[RECORDS SUPPLIED Boundary: Start]

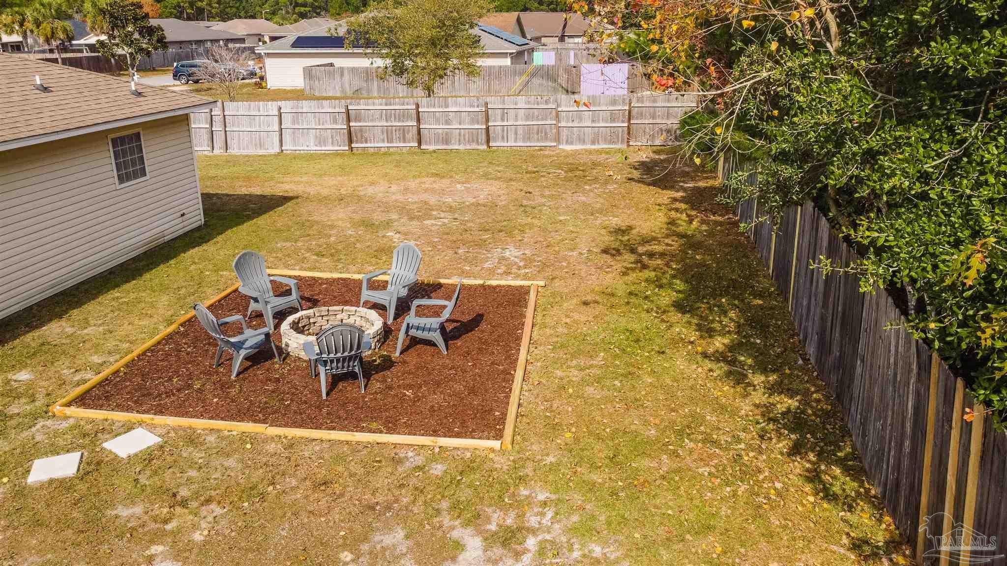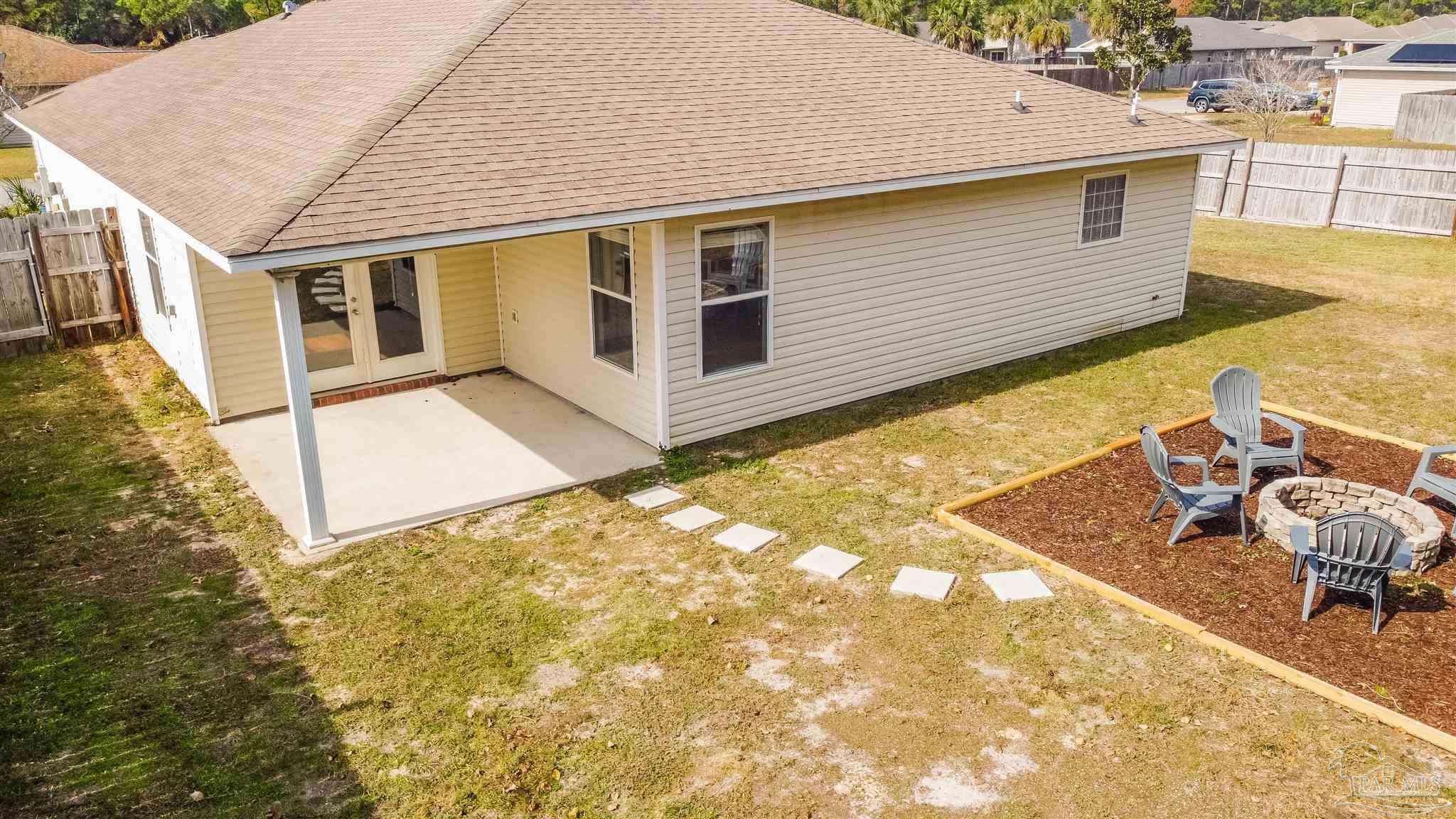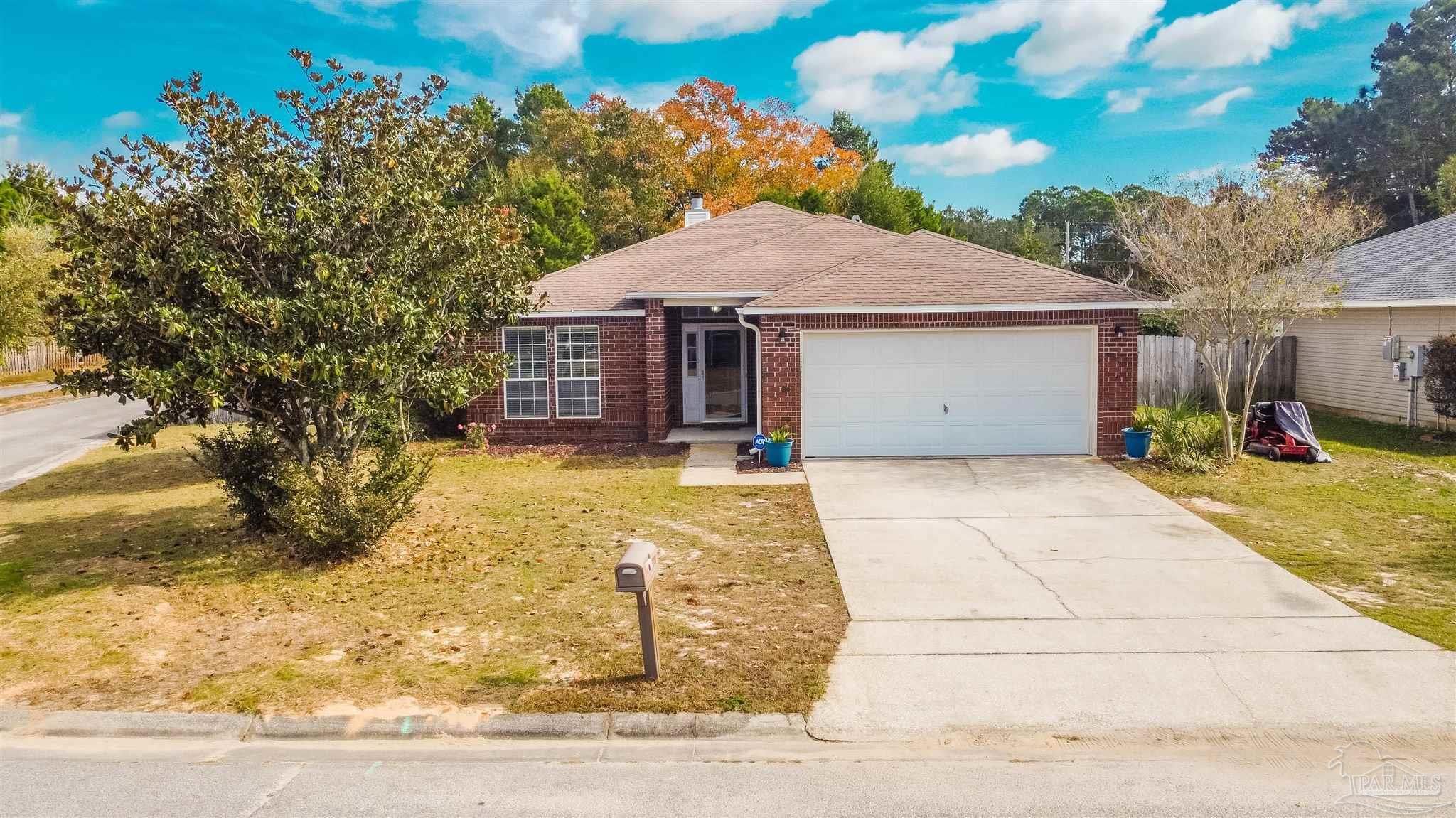 Come see this beautiful, corner lot home in Navarre just 4 miles away from the beach! Located in the Promise Creek neighborhood, this property sits on a 0.165 acre corner lot and features a large, fenced backyard space with a covered porch and firepit area. The interior showcases an open floor plan with vaulted ceilings in the spacious living area that also has a fireplace, along with a kitchen that overlooks the living & dining areas and includes a breakfast bar, lots of counterspace, and a pantry. The main bedroom suite is separate from the other bedrooms and the bathroom features a walk-in closet, a double vanity, and a garden tub. The property is located within 2 miles of Publix Supermarket and other restaurants & shopping off of US-98, along with being within 4 miles of Navarre Beach. Schedule your showing today!
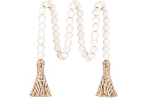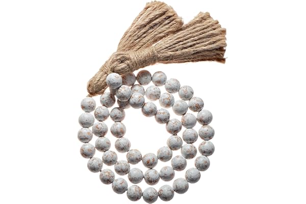 Meplait 39in Wood Bead Garland Farmhouse with Tassels
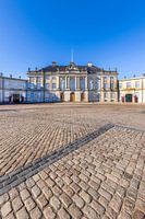 Amalienborg werd gebouwd in de 17e eeuw en wordt tegenwoordig beschouwd als een van de meest indrukwekkende rococo-gebouwen van Denemarken. Het bestaat uit vier paleisgebouwen en is de stadsresidentie van de koninklijke familie in Kopenhagen. Verlaten uitzicht vanaf het paleisplein met de kasseien die typisch zijn voor het historische stadshart.
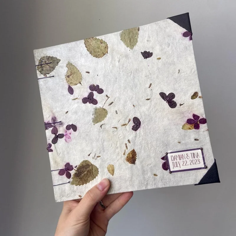 We offer a variety of beautiful artisan papers, leathers and bookcloths. In addition, we offer the option to create custom handmade paper to coordinate your invitations and guestbook together. You can also have us print custom paper using your handmade papers as the background.
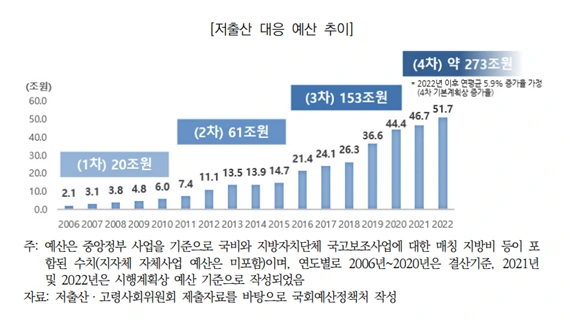 참고로 저출산대응 예산추이를 보면 현재가 4차계획 추진중임에 따라 현재까지 소요된 예산이 총 약 300조원정도가 됩니다. 그래서 언론 등에서 "300조를 쏟아붓고도 합계출산율 0.78" 이런 기사가 나오는 겁니다.
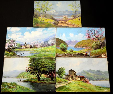 Ignoto "Scorci con laghi e montagne" gruppo di cinque tecniche miste su...

[RECORDS SUPPLIED Boundary: End]

__WHAT THE EXERCISE ASKS__:
The data above are to be repeated word for word, with any pictures left out.

__OUTPUT__:
 Come see this beautiful, corner lot home in Navarre just 4 miles away from the beach! Located in the Promise Creek neighborhood, this property sits on a 0.165 acre corner lot and features a large, fenced backyard space with a covered porch and firepit area. The interior showcases an open floor plan with vaulted ceilings in the spacious living area that also has a fireplace, along with a kitchen that overlooks the living & dining areas and includes a breakfast bar, lots of counterspace, and a pantry. The main bedroom suite is separate from the other bedrooms and the bathroom features a walk-in closet, a double vanity, and a garden tub. The property is located within 2 miles of Publix Supermarket and other restaurants & shopping off of US-98, along with being within 4 miles of Navarre Beach. Schedule your showing today!
 Meplait 39in Wood Bead Garland Farmhouse with Tassels
 Amalienborg werd gebouwd in de 17e eeuw en wordt tegenwoordig beschouwd als een van de meest indrukwekkende rococo-gebouwen van Denemarken. Het bestaat uit vier paleisgebouwen en is de stadsresidentie van de koninklijke familie in Kopenhagen. Verlaten uitzicht vanaf het paleisplein met de kasseien die typisch zijn voor het historische stadshart.
 We offer a variety of beautiful artisan papers, leathers and bookcloths. In addition, we offer the option to create custom handmade paper to coordinate your invitations and guestbook together. You can also have us print custom paper using your handmade papers as the background.
 참고로 저출산대응 예산추이를 보면 현재가 4차계획 추진중임에 따라 현재까지 소요된 예산이 총 약 300조원정도가 됩니다. 그래서 언론 등에서 "300조를 쏟아붓고도 합계출산율 0.78" 이런 기사가 나오는 겁니다.
 Ignoto "Scorci con laghi e montagne" gruppo di cinque tecniche miste su...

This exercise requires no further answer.